Top of Data to examine

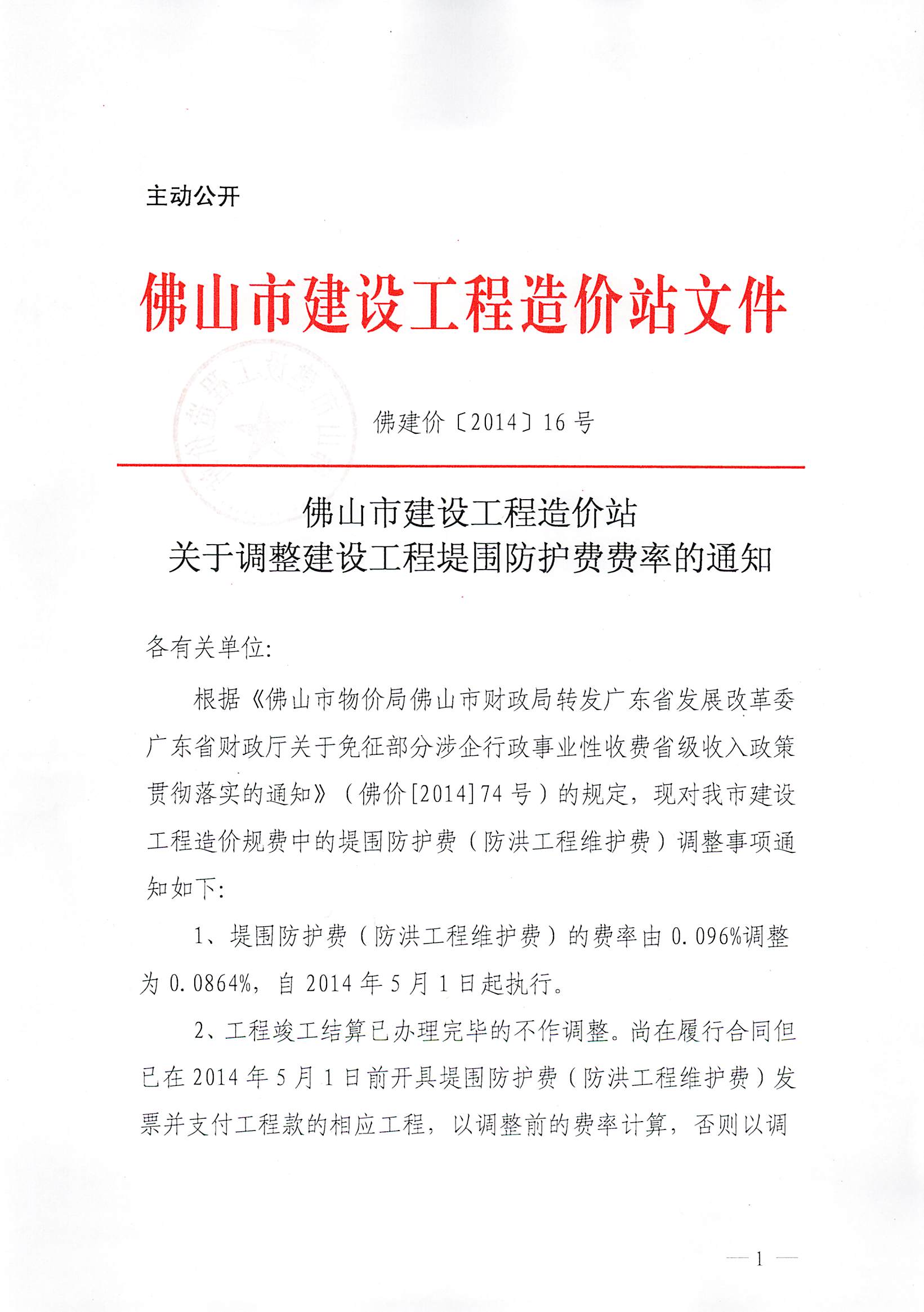 佛山市建設工程造價站關于調整建設工程堤圍防護費費率的通知
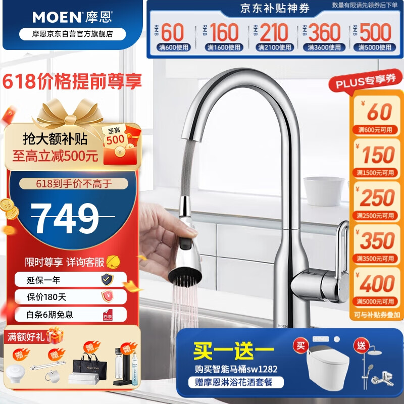 摩恩(MOEN)厨房水龙头 抽拉式洗菜盆洗碗盆水槽冷热水龙头 高抛净铅龙头价格:949.01元!
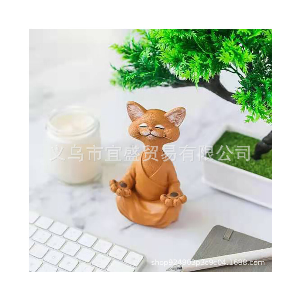 (Small Orange Cat Sitting 12.5cm) Laughing Buddha Cat Figurine Decoration Design Home Garden Creative Sculpture Zen Buddha Style Sitting Statue
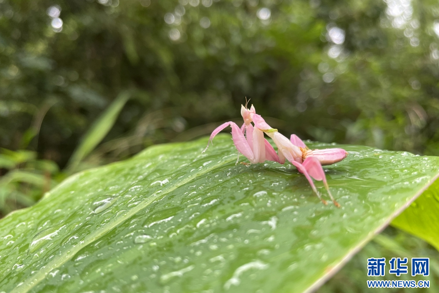 近日,云南省普洱市宁洱县黎明乡窑房村村民李康在回家途中偶遇一只粉红色的螳螂,外形娇艳如兰花,十分漂亮。
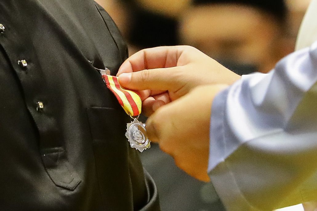 Istiadat Pengurniaan Pingat-Pingat Negeri Selangor Darul Ehsan Bagi Penerima-Penerima Daerah Petaling Dan Klang sempena sambutan Ulang Tahun Keputeraan Duli Yang Maha Mulia (DYMM) Sultan Selangor Sultan Sharafuddin Idris Shah Alhaj ke-76 di Dewan Jubli Perak Sultan Abdul Aziz Shah, Shah Alam pada 24 Januari 2022.
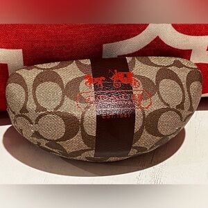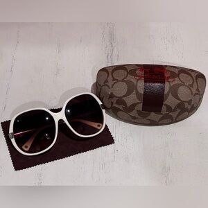 Stylish Coach “Elizabeth” sunglasses in ivory. Features oversized black lenses. Perfect for a modern look.
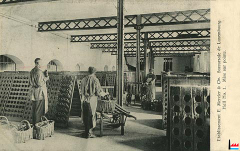 | <=1908 | Die Korbflechterei Kopstal und das Grundgefängnis stellen Champagnerkörbe für die Champagnerfabrik Mercier her. Die Firma Mercier beschäftigt Heimwerker zur Champagnerkörbeherstellung in verschiedenen Ortschaften, wie Cessingen, Merl, Bonneweg und Clausen. (BBZ : 22.9.1908) |
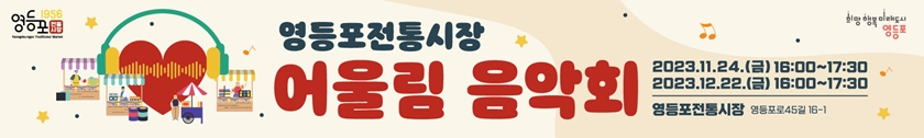 김태원 회장 “장바구니 증정이벤트... 관심과 이용” 부탁 영등포전통시장 상인회(회장 김태원)는 11월 24일과 12월 22일, 영등포전통시장에서 ‘영등포전통시장 어울림 음악회’를 개최한다.
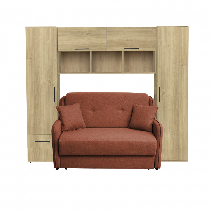 Set dormitor tineret YASMIN M1, 3 corpuri, stejar Belfast, 238x50x200 cm + Canapea GALA extensibila, 2 locuri, caramiziu, 143x98x98 cm
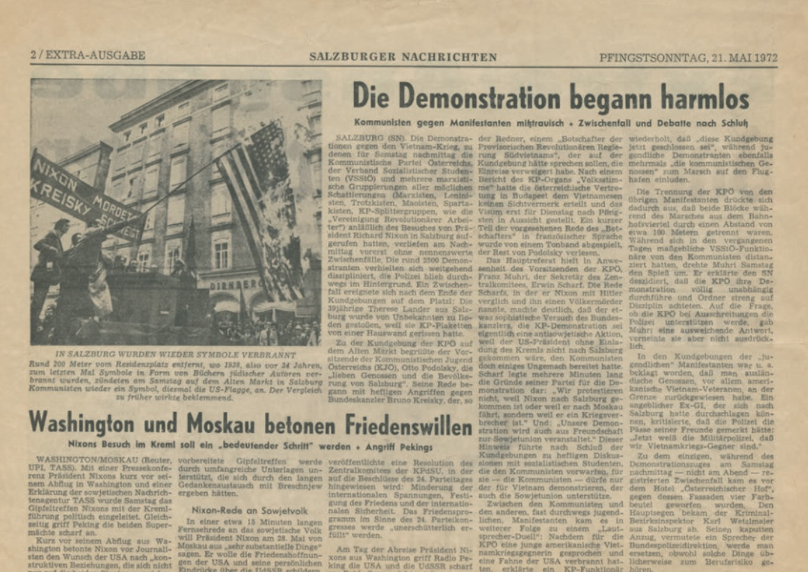 „Eine ganz ungeheuerliche Geschichte", so nannte der Bundesparteiobmann der Österreichischen Volkspartei (ÖVP), Karl Schleinzer, den Protestmarsch gegen US-Präsident Richard Nixon am 20. Mai 1972 in Salzburg. An die 2.500 Menschen fluteten an jenem Samstag die Straßen der Stadt und einige von ihnen holten sich dabei ein blaues Auge, auch Gottfried Solderer. Aber der Reihe nach.
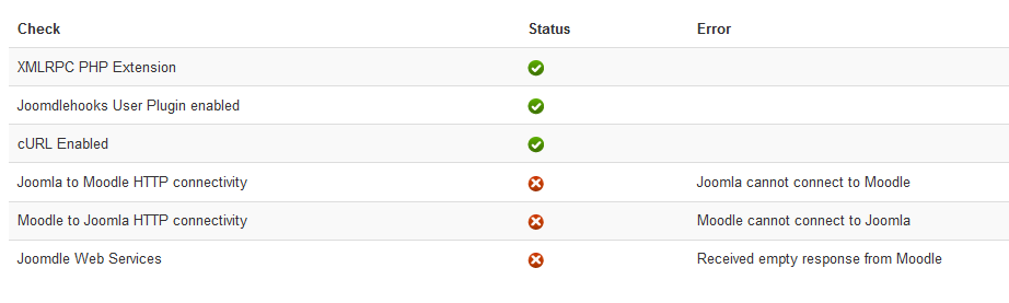 As I told you before: there seems to be a general problem connectin from Joomla to Moodle, as all checks fail. Try disabling firewall and test.
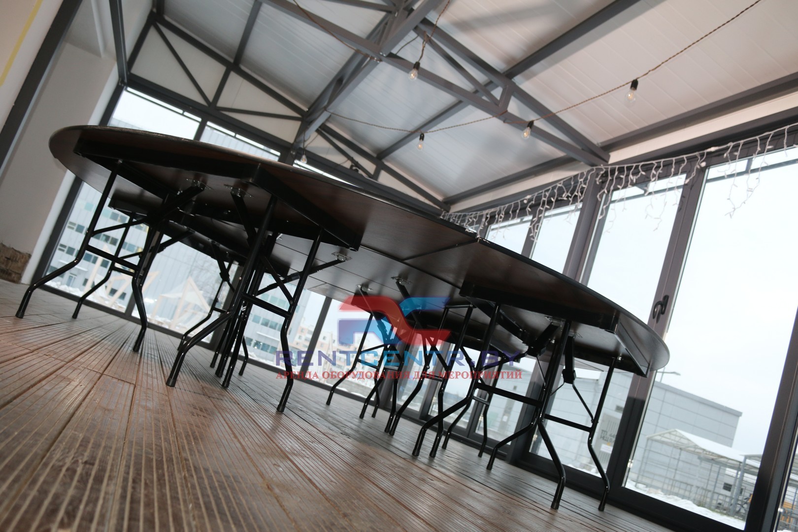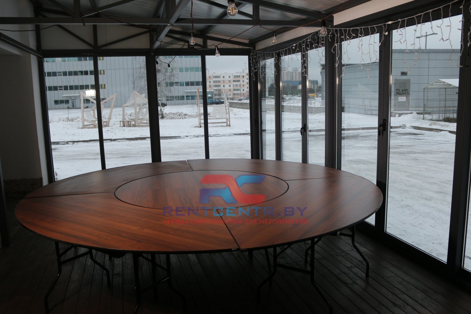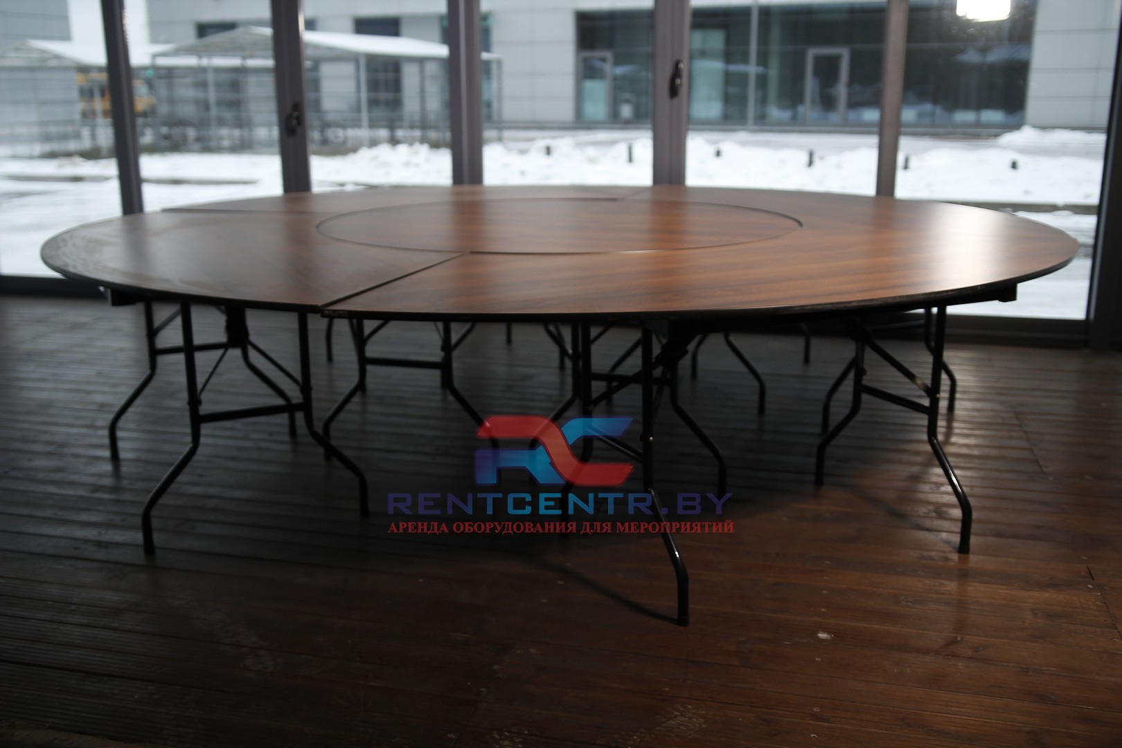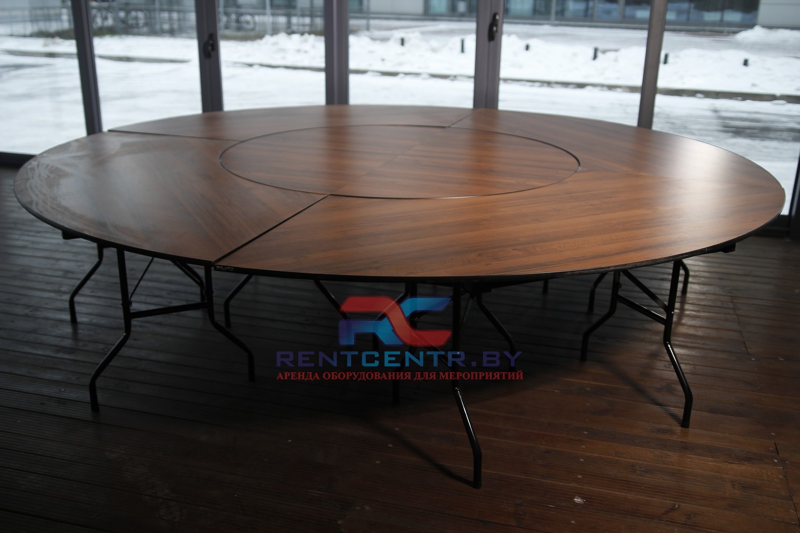 Стол составной. Диаметр 320 см, высота 75 см.

Bottom of Data to examine

▶ Aim of the task
Each line from the beginning of the entries up to and including the one containing "(BBZ : 22.9.1908) |" must be restated exactly. Pictures are to be left out.

▶ Your solution
 佛山市建設工程造價站關于調整建設工程堤圍防護費費率的通知
 摩恩(MOEN)厨房水龙头 抽拉式洗菜盆洗碗盆水槽冷热水龙头 高抛净铅龙头价格:949.01元!
 (Small Orange Cat Sitting 12.5cm) Laughing Buddha Cat Figurine Decoration Design Home Garden Creative Sculpture Zen Buddha Style Sitting Statue
 近日,云南省普洱市宁洱县黎明乡窑房村村民李康在回家途中偶遇一只粉红色的螳螂,外形娇艳如兰花,十分漂亮。
 Istiadat Pengurniaan Pingat-Pingat Negeri Selangor Darul Ehsan Bagi Penerima-Penerima Daerah Petaling Dan Klang sempena sambutan Ulang Tahun Keputeraan Duli Yang Maha Mulia (DYMM) Sultan Selangor Sultan Sharafuddin Idris Shah Alhaj ke-76 di Dewan Jubli Perak Sultan Abdul Aziz Shah, Shah Alam pada 24 Januari 2022.
 Stylish Coach “Elizabeth” sunglasses in ivory. Features oversized black lenses. Perfect for a modern look.
 | <=1908 | Die Korbflechterei Kopstal und das Grundgefängnis stellen Champagnerkörbe für die Champagnerfabrik Mercier her. Die Firma Mercier beschäftigt Heimwerker zur Champagnerkörbeherstellung in verschiedenen Ortschaften, wie Cessingen, Merl, Bonneweg und Clausen. (BBZ : 22.9.1908) |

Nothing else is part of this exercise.